Exercise directions: From the first line of the data down to and including the line with "ただなんとなく動かすのではな", copy everything exactly, leaving out pictures.

Dataset excerpt:
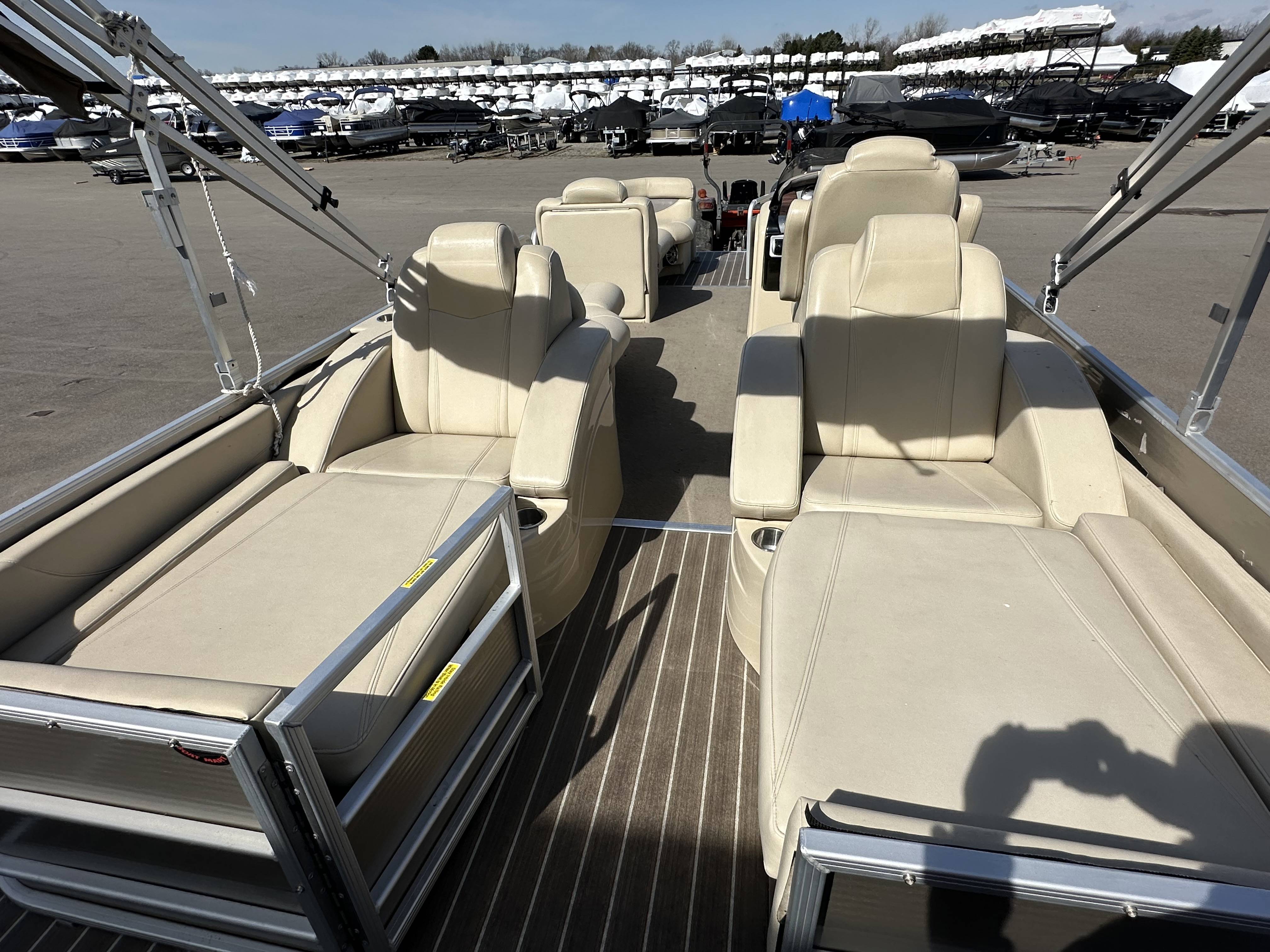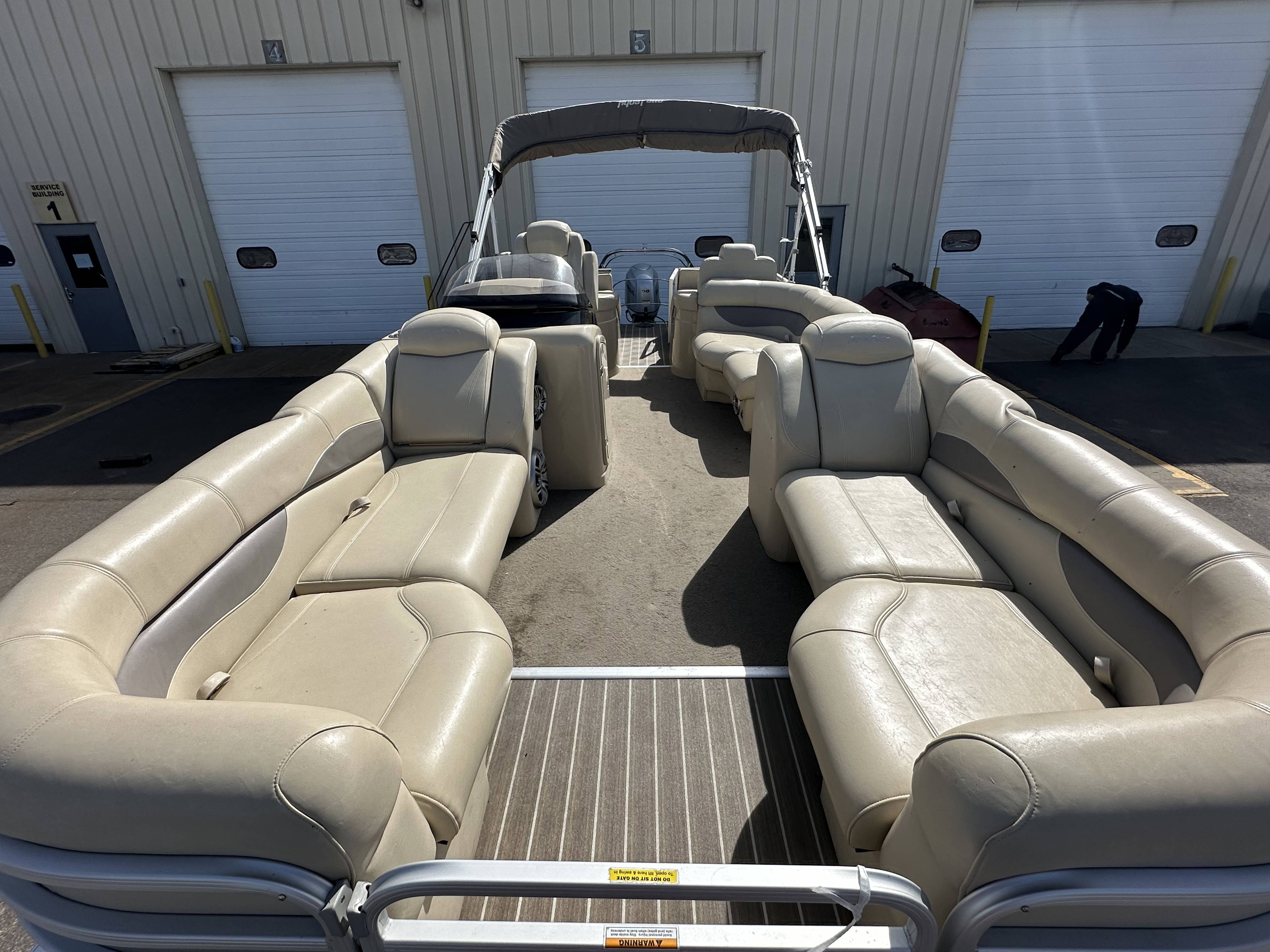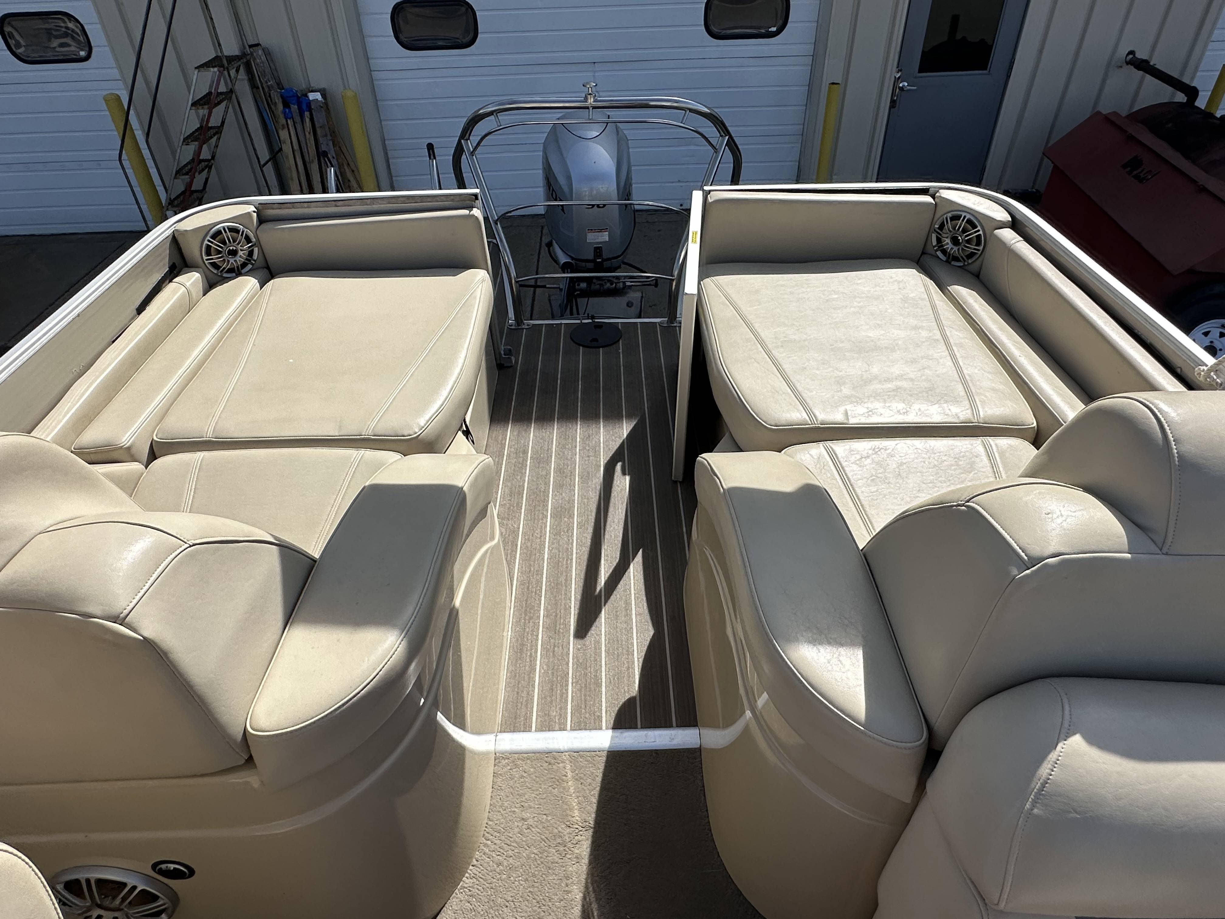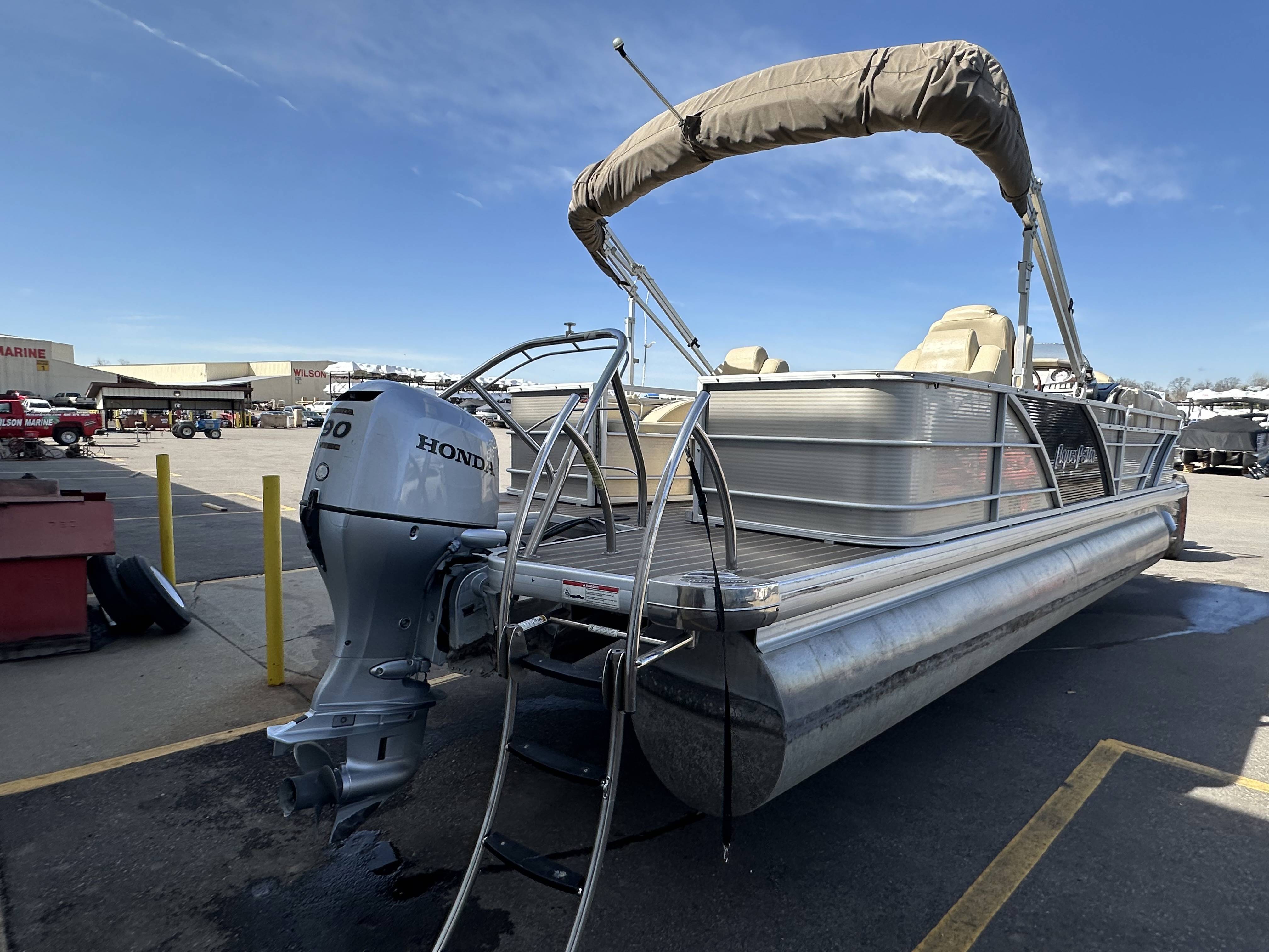 2015 Aqua Patio 240SL with Honda 90 4-strokeRear loungers! Boat is in very good condition! Comes with full mooring cover, bimini top, front and rear vinyl flooring, swim ladder, ski tow bar and much more!Call 800-875-2620 for additional information or to schedule an appointment to view the boat today!
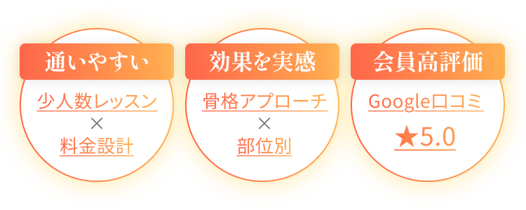 ただなんとなく動かすのではなく、狙った場所に深く効かせることで、レッスン後も使った感覚が持続。日々の何気ない動作もトレーニングに変わり、身体に負担をかけない使い方が自然と身につきます。
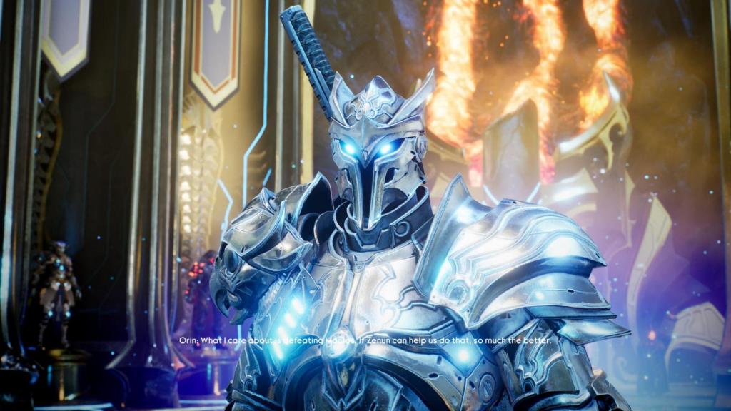 Ein wirkliches Manko ist leider die Geschichte, denn diese ist im Grund nahezu nicht-existent, obwohl sie einiges an Potential bietet, da man extra fürs Spiel eine komplett eigene Fantasy-Welt mit unterschiedlichen Dimensionen, Rassen, Glauben und Klassen, erschaffen hat, das aber nicht wirklich ausnutzt, sondern hingegen nur an der Oberfläche kratzt und es an vielen Stellen dem Spieler überlässt entweder seine eigenen Interpretationen anzustellen, oder manche Dinge einfach zu akzeptieren. Die Welt von „Godfall“ besteht aus drei unterschiedlichen Paralleldimensionen, die jeweils auf einem der Elemente, Erde, Wasser und Luft basieren. Übergreifend regiert die Knights Order unter Führung der Brüder Decimus und Odin. Sie sind dafür verantwortlich das Gleichgewicht zu wahren. Doch das Gleichgewicht gerät massiv ins Wanken, als Decimus, hungrig auf Gott-ähnliche Macht, beschließt seinen Bruder Odin umzubringen und danach alleine zu regieren. Im gesamten Spielverlauf werden die Hintergründe leider nicht weiter erörtert, was durchaus eine vertane Chance darstellt. Odin überlebt allerdings und erkennt, dass er das Gleichgewicht nur wieder herstellen kann, wenn er seinem Bruder gegenübertritt. Dafür ist er aber zu geschwächt, weswegen er beginnen muss seine Fähigkeiten und seine Ausrüstung zu verbessern und Verbündete suchen muss. Weiter muss er erkennen, dass Decimus bereits eine Schar von Verbündeten um sich geschart hat, von denen er einen nach dem anderen ausschalten muss, wenn er überhaupt eine Chance haben möchte…

Task output:
 2015 Aqua Patio 240SL with Honda 90 4-strokeRear loungers! Boat is in very good condition! Comes with full mooring cover, bimini top, front and rear vinyl flooring, swim ladder, ski tow bar and much more!Call 800-875-2620 for additional information or to schedule an appointment to view the boat today!
 ただなんとなく動かすのではなく、狙った場所に深く効かせることで、レッスン後も使った感覚が持続。日々の何気ない動作もトレーニングに変わり、身体に負担をかけない使い方が自然と身につきます。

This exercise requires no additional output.